● Work order: Once you find the line below that has "LeBrun présente ce", output it and every line after it exactly, stopping after the line that has "会上,杨红和强调学生干部们要", with no pictures.

● Information supplied:
****************

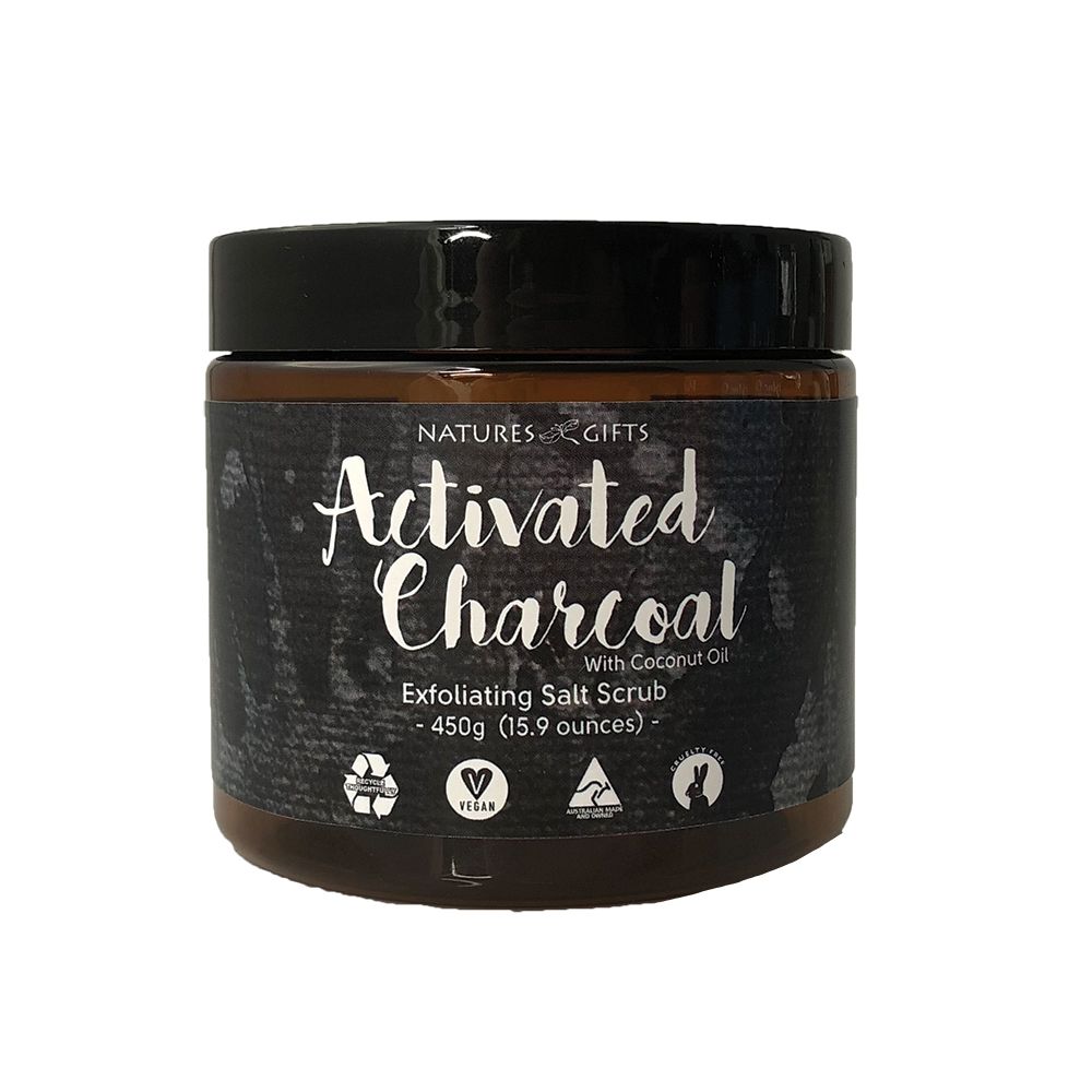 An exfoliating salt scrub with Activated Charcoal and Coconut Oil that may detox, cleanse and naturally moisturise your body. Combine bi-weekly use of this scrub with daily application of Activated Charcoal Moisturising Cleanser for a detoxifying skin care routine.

****************

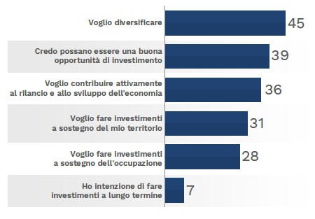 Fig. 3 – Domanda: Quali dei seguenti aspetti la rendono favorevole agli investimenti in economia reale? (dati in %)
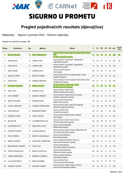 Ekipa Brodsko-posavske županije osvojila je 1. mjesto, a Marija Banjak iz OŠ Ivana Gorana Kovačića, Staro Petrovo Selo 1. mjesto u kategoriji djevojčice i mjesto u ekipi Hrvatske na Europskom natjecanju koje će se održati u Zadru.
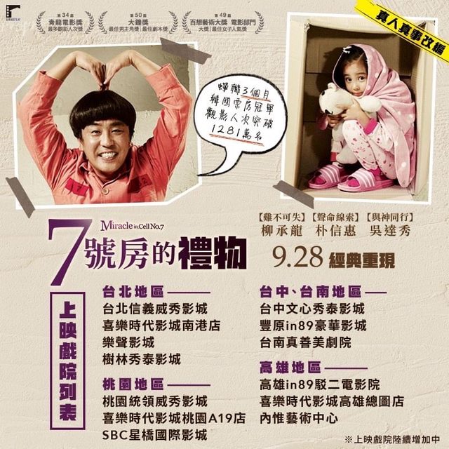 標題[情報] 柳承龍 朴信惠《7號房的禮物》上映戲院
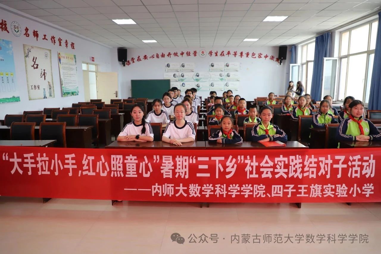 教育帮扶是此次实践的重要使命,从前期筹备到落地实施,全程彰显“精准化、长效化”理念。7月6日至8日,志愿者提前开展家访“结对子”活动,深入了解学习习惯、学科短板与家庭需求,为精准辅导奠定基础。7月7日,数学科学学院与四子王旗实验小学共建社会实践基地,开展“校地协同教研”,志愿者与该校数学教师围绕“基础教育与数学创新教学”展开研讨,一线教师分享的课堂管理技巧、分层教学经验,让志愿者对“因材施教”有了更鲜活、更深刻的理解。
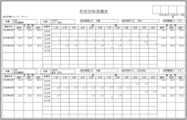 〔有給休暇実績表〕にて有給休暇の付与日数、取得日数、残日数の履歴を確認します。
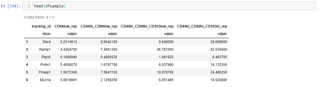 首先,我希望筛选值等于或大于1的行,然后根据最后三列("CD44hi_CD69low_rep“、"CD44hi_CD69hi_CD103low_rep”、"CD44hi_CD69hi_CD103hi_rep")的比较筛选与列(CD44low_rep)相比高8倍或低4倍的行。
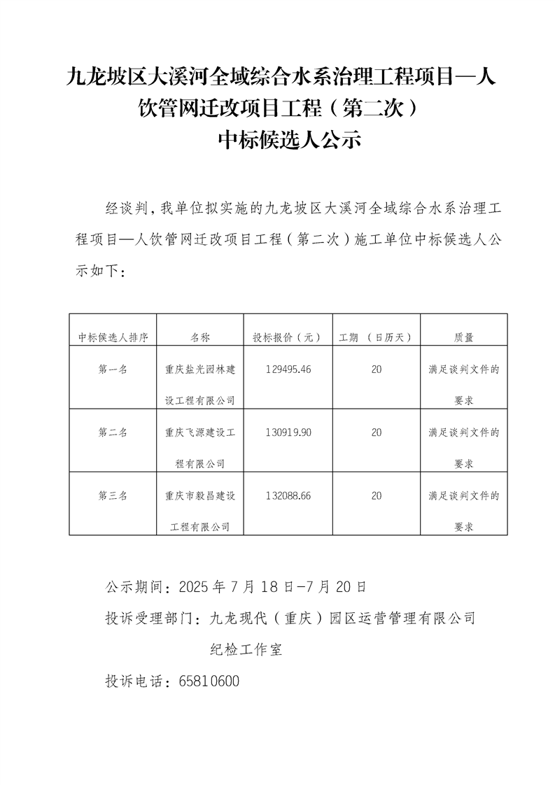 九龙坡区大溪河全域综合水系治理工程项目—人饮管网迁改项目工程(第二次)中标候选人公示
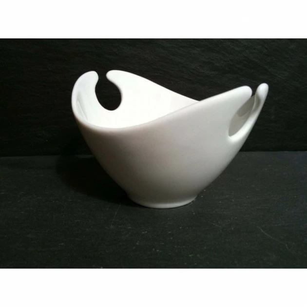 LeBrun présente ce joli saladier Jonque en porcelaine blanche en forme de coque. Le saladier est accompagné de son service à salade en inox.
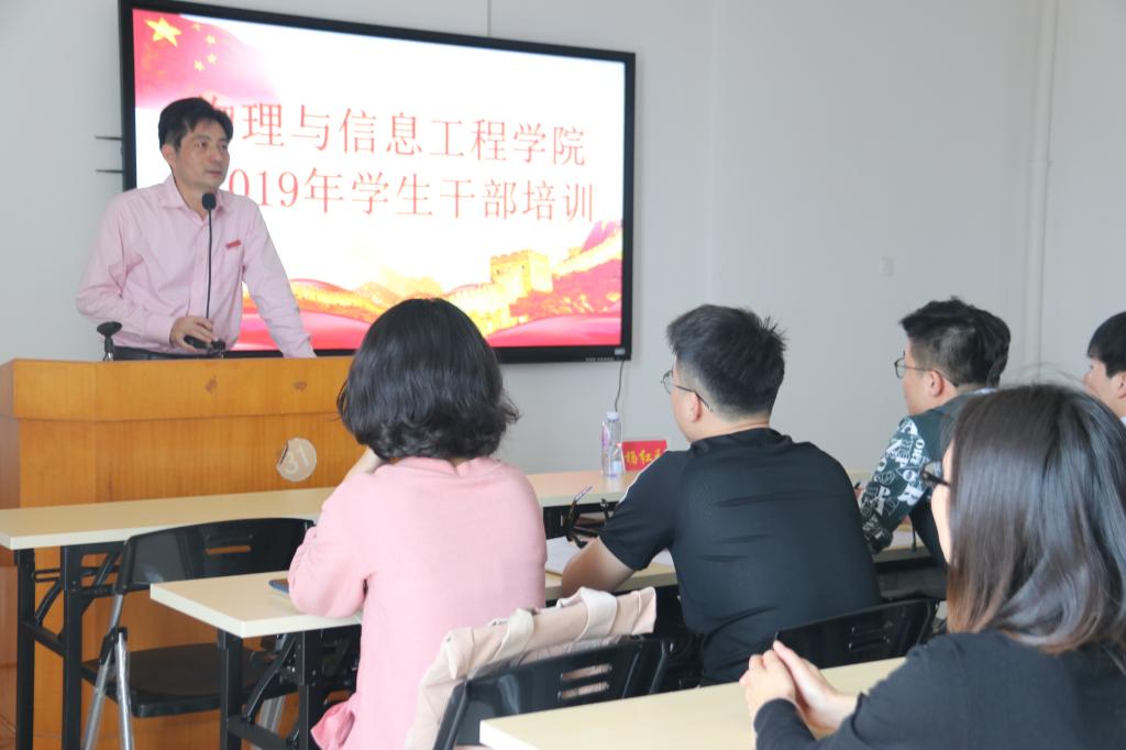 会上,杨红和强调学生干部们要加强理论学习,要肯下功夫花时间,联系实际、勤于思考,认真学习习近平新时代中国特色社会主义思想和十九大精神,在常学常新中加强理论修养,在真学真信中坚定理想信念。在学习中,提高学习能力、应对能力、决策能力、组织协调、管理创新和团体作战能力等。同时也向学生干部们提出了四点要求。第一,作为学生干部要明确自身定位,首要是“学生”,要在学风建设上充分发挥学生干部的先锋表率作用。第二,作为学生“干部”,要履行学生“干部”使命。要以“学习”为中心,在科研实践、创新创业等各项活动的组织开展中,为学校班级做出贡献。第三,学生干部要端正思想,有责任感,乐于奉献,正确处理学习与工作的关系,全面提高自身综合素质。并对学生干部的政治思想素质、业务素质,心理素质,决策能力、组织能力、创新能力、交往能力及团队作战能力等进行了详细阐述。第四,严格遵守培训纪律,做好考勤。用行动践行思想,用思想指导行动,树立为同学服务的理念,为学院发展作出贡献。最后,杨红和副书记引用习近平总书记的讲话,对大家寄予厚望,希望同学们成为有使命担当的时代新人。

****************

● Completed exercise:
 LeBrun présente ce joli saladier Jonque en porcelaine blanche en forme de coque. Le saladier est accompagné de son service à salade en inox.
 会上,杨红和强调学生干部们要加强理论学习,要肯下功夫花时间,联系实际、勤于思考,认真学习习近平新时代中国特色社会主义思想和十九大精神,在常学常新中加强理论修养,在真学真信中坚定理想信念。在学习中,提高学习能力、应对能力、决策能力、组织协调、管理创新和团体作战能力等。同时也向学生干部们提出了四点要求。第一,作为学生干部要明确自身定位,首要是“学生”,要在学风建设上充分发挥学生干部的先锋表率作用。第二,作为学生“干部”,要履行学生“干部”使命。要以“学习”为中心,在科研实践、创新创业等各项活动的组织开展中,为学校班级做出贡献。第三,学生干部要端正思想,有责任感,乐于奉献,正确处理学习与工作的关系,全面提高自身综合素质。并对学生干部的政治思想素质、业务素质,心理素质,决策能力、组织能力、创新能力、交往能力及团队作战能力等进行了详细阐述。第四,严格遵守培训纪律,做好考勤。用行动践行思想,用思想指导行动,树立为同学服务的理念,为学院发展作出贡献。最后,杨红和副书记引用习近平总书记的讲话,对大家寄予厚望,希望同学们成为有使命担当的时代新人。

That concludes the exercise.